There’s no denying it: From doughnuts to muffins, and breads to waffles, quinoa flour is becoming a popular pantry staple—and quinoa flour pancakes an almost mainstream menu item. Chef Mike Price of Manhattan’s farm-to-table West Village restaurant Market Table strived to create a healthier pancake recipe than the traditional American diner staple. Price decided to cut down on the amount of all-purpose flour by adding quinoa flour to lighten the stack. The coconut pancakes are topped with strawberries, pistachios, and real maple syrup spiked with a little dark rum. Be sure not to overmix the pancake batter, because it’ll make the end result tough and chewy.
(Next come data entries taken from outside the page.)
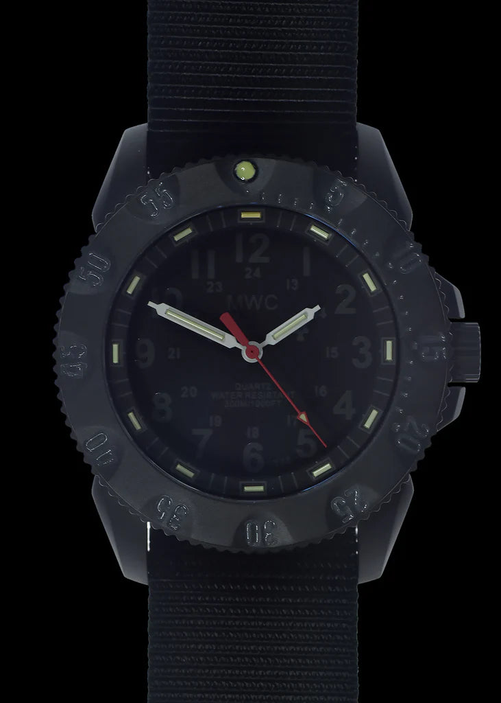 De MWC Tactical Series horloges, gebouwd met robuuste titanium kasten en 300m waterbestendigheid, zijn ontworpen voor wetshandhaving en maritieme, oppervlakte- en luchttoepassingen. Deze horloges overtreffen de US W-46374F Type 6 specificaties en worden regelmatig besteld door een bulkcontractklant die jaarlijks aanzienlijke bestellingen plaatst voor varianten van dit specifieke ontwerp. Gebaseerd op ontwerpen uit het midden van de jaren 90, bevat het huidige model belangrijke upgrades zoals een solide titanium kast en lunette, breukvast saffierglas en verbeterde waterbestendigheid verhoogd van 30m tot 300m (99ft tot 1000ft). Extra functies zijn onder andere een schroefbare vergrendelbare kroon en achterkant, goed zichtbare cijfers op de lunette en een duidelijke, gemakkelijk af te lezen wijzerplaat onder ongunstige lichtomstandigheden. Het horloge maakt gebruik van Zwitserse Tritium GTLS (Gaseous Tritium Light Sources), die aanzienlijk helderder zijn dan conventionele lichtgevende horloges. De speciale, verborgen, matzwarte, niet-reflecterende PVD-afwerking (Physical Vapor Deposition) die op dit horloge wordt gebruikt, wordt vaak gespecificeerd voor speciale eenheden, antiterroristische eenheden en politiediensten voor geheime operaties. Het PVD-proces bindt de kleur chemisch aan het titanium op moleculair niveau, wat zorgt voor een langdurige duurzaamheid die veel beter presteert dan geverfde afwerkingen. Hoewel extreme slijtage de afwerking kan beschadigen, blijft deze over het algemeen vele jaren intact, zelfs onder zware omstandigheden. Belangrijkste kenmerken: Uurwerk : Zeer nauwkeurig Ronda Quartz-uurwerk (Ronda-kaliber 715li) dat bestand is tegen hoge G-krachten, met een batterijduur van 10 jaar en een indicator voor het einde van de batterijduur. Waterbestendigheid : 30 ATM (1000 ft/300 m), geschikt voor gebruik op het land en op zee, met dezelfde waterbestendigheid als onze duikmodellen. Hoogte nauwkeurigheid : Ontworpen om een hoge nauwkeurigheid te behouden op hoogtes tot 12.000 m / 40.000 ft zonder compenserende druk. Tritiumsymbool : De wijzerplaat is voorzien van een radioactief tritiumsymbool, conform de voorschriften van de Amerikaanse Nuclear Regulatory Commission (10 CFR 30.15). Afmetingen: Behuizing : Titanium Diameter exclusief kroon : 42 mm Diameter inclusief kroon : 44mm Nok tot nok : 49 mm Kristaldiameter : 32 mm Waterbestendigheid : 300m Lichtgevend materiaal : Zwitserse GTLS Tritiumbuizen Uurwerk : Ronda 715li met 10 jaar batterijduur Kroon en achterkant : geschroefd Kristal : Krasbestendig saffier met antireflectiecoating Dikte : 14mm Band : 22 mm Amerikaanse militaire band met weefpatroon Garantie : 24 maanden Voordelen van saffierkristal Synthetisch saffier is de beste keuze voor horlogeglas vanwege de duurzaamheid, krasbestendigheid en breukvastheid. Betrouwbaarheid: Ideaal voor militair personeel, politie en buitenliefhebbers, die meer dan 70% van onze klantenkring uitmaken. Verbeterde sterkte: warmtebehandeld saffier biedt een ongeëvenaarde veerkracht vergeleken met plexiglas of mineraalglas. Antireflectiecoating: zorgt voor een helder zicht onder alle omstandigheden. De geschiedenis van MIL-W-46374-G horloges en de P656 De P656-serie bouwt voort op de basis van de MIL-W-46374F-specificaties, die voor het eerst werden gepubliceerd op 14 oktober 1991. De "G"-revisie halverwege de jaren negentig leidde tot de creatie van het Stocker & Yale Type 6 Navigator-horloge, een hoeksteen van horloges van militaire kwaliteit. De laatste afbeelding toont een origineel Amerikaans MIL-W-46374F Type 6 horloge uit 1995 P656: Een moderne evolutie De P656-serie bouwt voort op de erfenis van de Type 6 Navigator, maar introduceert ook roestvrijstalen kasten, verbeterde waterbestendigheid en geavanceerde functies voor zowel militaire als civiele toepassingen. Belangrijkste kenmerken van de originele Type 6 Navigator Hacking Quartz Movement voor precisie. Draaibare GMT-patroonlunette voor navigatie. Bestand tegen grote hoogte tot 35.000 ft. Magnetische bescherming (125±1 gauss). Corrosiebestendigheid tegen zoute mist en transpiratie. Tritiumverlichting met rood/oranje markeringen op 12 uur voor oriëntatie. Productietijdlijn van de originele P650 1995: Eerste batch. 1999: Tweede productierun. 2000: Laatste batch.
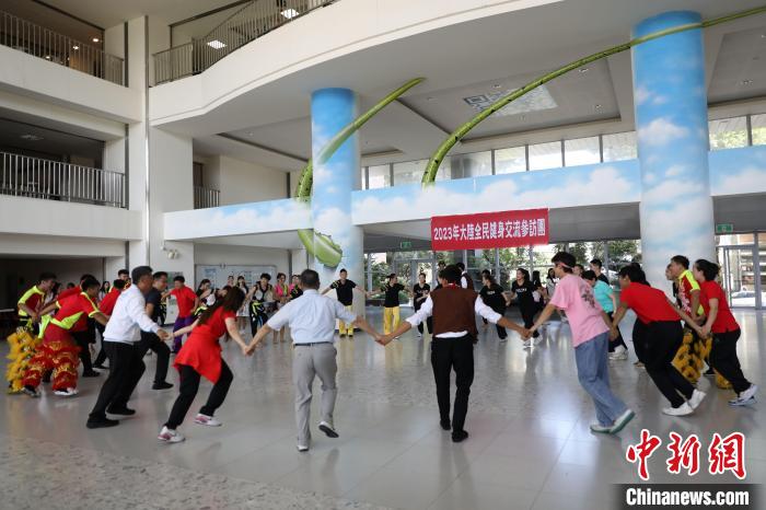 交流團26日來到臺北市立大學(xué),大陸社會體育指導(dǎo)員展示了太極扇、彩帶龍、花式跳繩等健身項目,臺北市立大學(xué)學(xué)生表演了扯鈴、霹靂舞、特技舞蹈等,大家還一起跳起鍋莊舞。
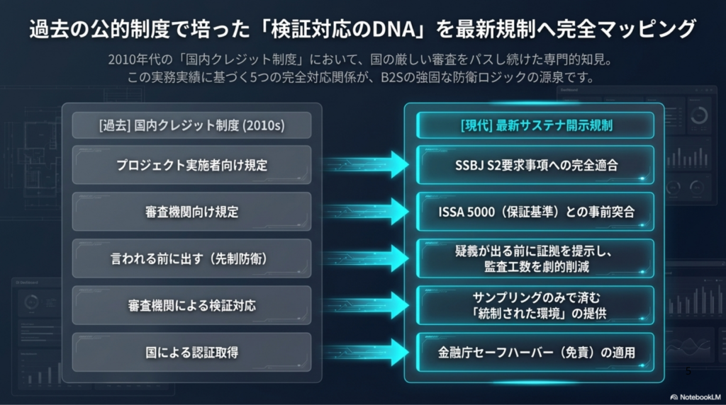 当社代表がかつて全国中小企業団体中央会の「国内クレジット制度(現J-クレジット)」の専門員として培った、ドキュメンテーション技術、および、認証機関の厳しい検証に際し、「指摘される前に出す」という監査工数最適化スキルを提供します。検証側の思考を先読みし、疑義が生じる前に証拠を提示する「先制防衛」の姿勢こそが、当社のDNAです,。

Market Table’s Coconut & Quinoa Pancakes
1 cup all-purpose flour
2 cups quinoa flour
½ cup shredded coconut
¼ cup brown sugar
2 ½ teaspoons baking powder
2 teaspoons cinnamon
1 ¾ cup whole milk
1 teaspoon vanilla
¼ cup melted butter
How to Make It
Place all dry ingredients in a medium mixing bowl. Mix well.
Place all wet ingredients except melted butter in a separate medium bowl and whisk well.
Add the wet ingredients to the dry ingredients and fold together with a rubber spatula. Do not over mix.
Fold in melted butter until incorporated.
Heat a lightly oiled frying pan over medium heat.
Pour batter into the pan, using approximately ¼ cup for each pancake.